Я нехотя поднял на нее глаза. Достигнутый успех ее окрылил: она радостно взмахнула надкушенной сдобной булочкой и наклонилась вперед. Маневр был бы эффективен, будь у школьной формы декольте. А так я скользнул по глухому черному платью безразличным взглядом и опять посмотрел на борщ, раздумывая, вытаскивать отмеченную темными пятнами свекольную соломку или сожрать ее так.
— Соглашайся, Соколов, — она даже шептать умудрялась с придыханием, — представь: только ты и я. А дверь закроем. И можно будет никуда не торопиться...
— Наташа, не буди во мне зверя, — процедил я. Ей все-таки удалось расшевелить мое воображение.
— Ну, подумай сам, — она эффектно прижала ладонь к груди, — никто не будет знать мое тело так, как ты — и вдоль, и поперек, и снизу-вверх...

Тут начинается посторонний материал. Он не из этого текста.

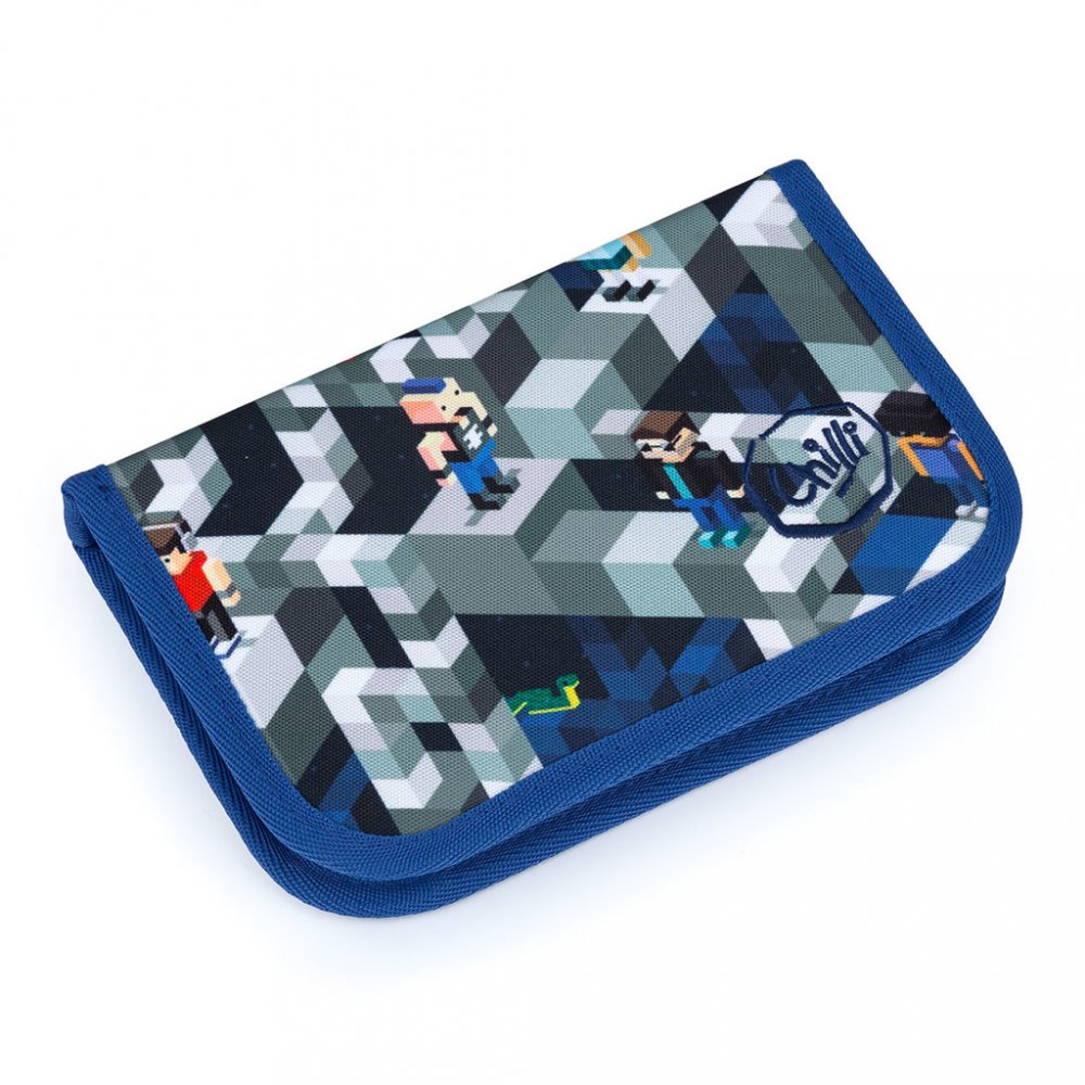 Jednopatrové školní pouzdro s kostičkami je vybaveno osmnácti klasickými gumovými úchyty na pastelky a fixy, čtyřmi širšími úchyty na pravítka, kružítko či nůžky a dvěma většími úchyty na gumu a ořezávátko.

Сидеть отчего-то стало неудобно, и я заелозил на стуле, ища позу покомфортней.
Кузя откусила от булки небольшой кусочек и запила молоком. На верхней губе осталась тонкая белая полоска. Она неторопливо ее слизнула и удовлетворенно хмыкнула, увидев, как дернулся мой взгляд.
Я молча давился первым. Она тоже замолкла, перейдя к капустному салатику, но карие глаза загадочно поблескивали, неотрывно выглядывая брешь в моих позициях. Иногда она чуть заметно улыбалась, удовлетворенно так, словно в моих реакциях удалось отыскать что-то нужное. В такие моменты я начинал нервничать еще сильней.

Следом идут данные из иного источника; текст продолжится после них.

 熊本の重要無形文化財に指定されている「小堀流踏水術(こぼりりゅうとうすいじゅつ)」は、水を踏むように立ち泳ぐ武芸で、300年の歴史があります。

— Кстати, — небрежно уточнила она, — с меня никто никогда еще мерки не снимал. Я вот даже и не знаю — там раздеваться надо, наверное, да? Ну, что б правильно замерить вот отсюда и досюда?

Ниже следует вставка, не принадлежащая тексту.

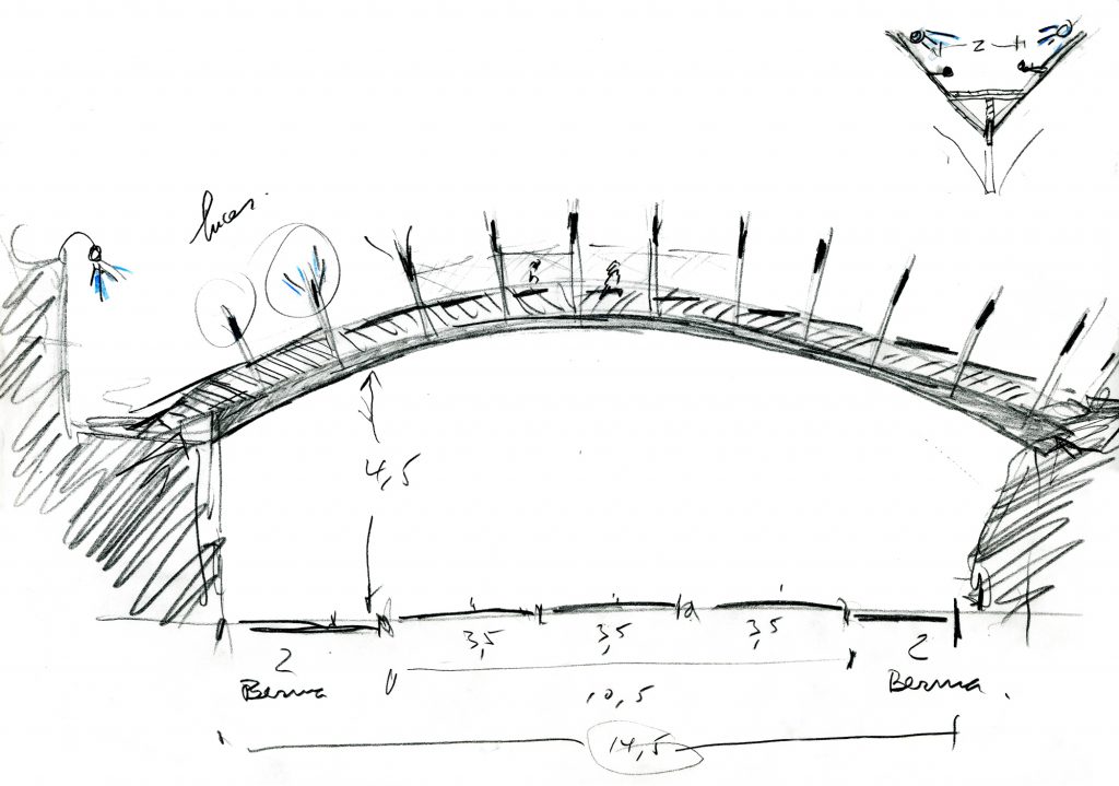 “Se nos pidió un puente que brindara seguridad a la circulación peatonal, uniendo por la parte alta ambos sectores”.

Она сложила указательные пальцы вместе и дотронулась ими до левого плеча. Потом разъединила, и правый палец плавно заскользил по груди к противоположному плечу, показывая, как, по ее мнению, надо будет производить замеры.
Я скрипнул зубами и отодвинул недоеденный борщ. На бефстроганов с пюре я изначально возлагал большие надежды, но сейчас сомневался, что почувствую хоть какой-нибудь вкус.
Стул рядом скрипнул, принимая еще одного едока. Белый бант, белые отутюженные манжеты, белые гольфики...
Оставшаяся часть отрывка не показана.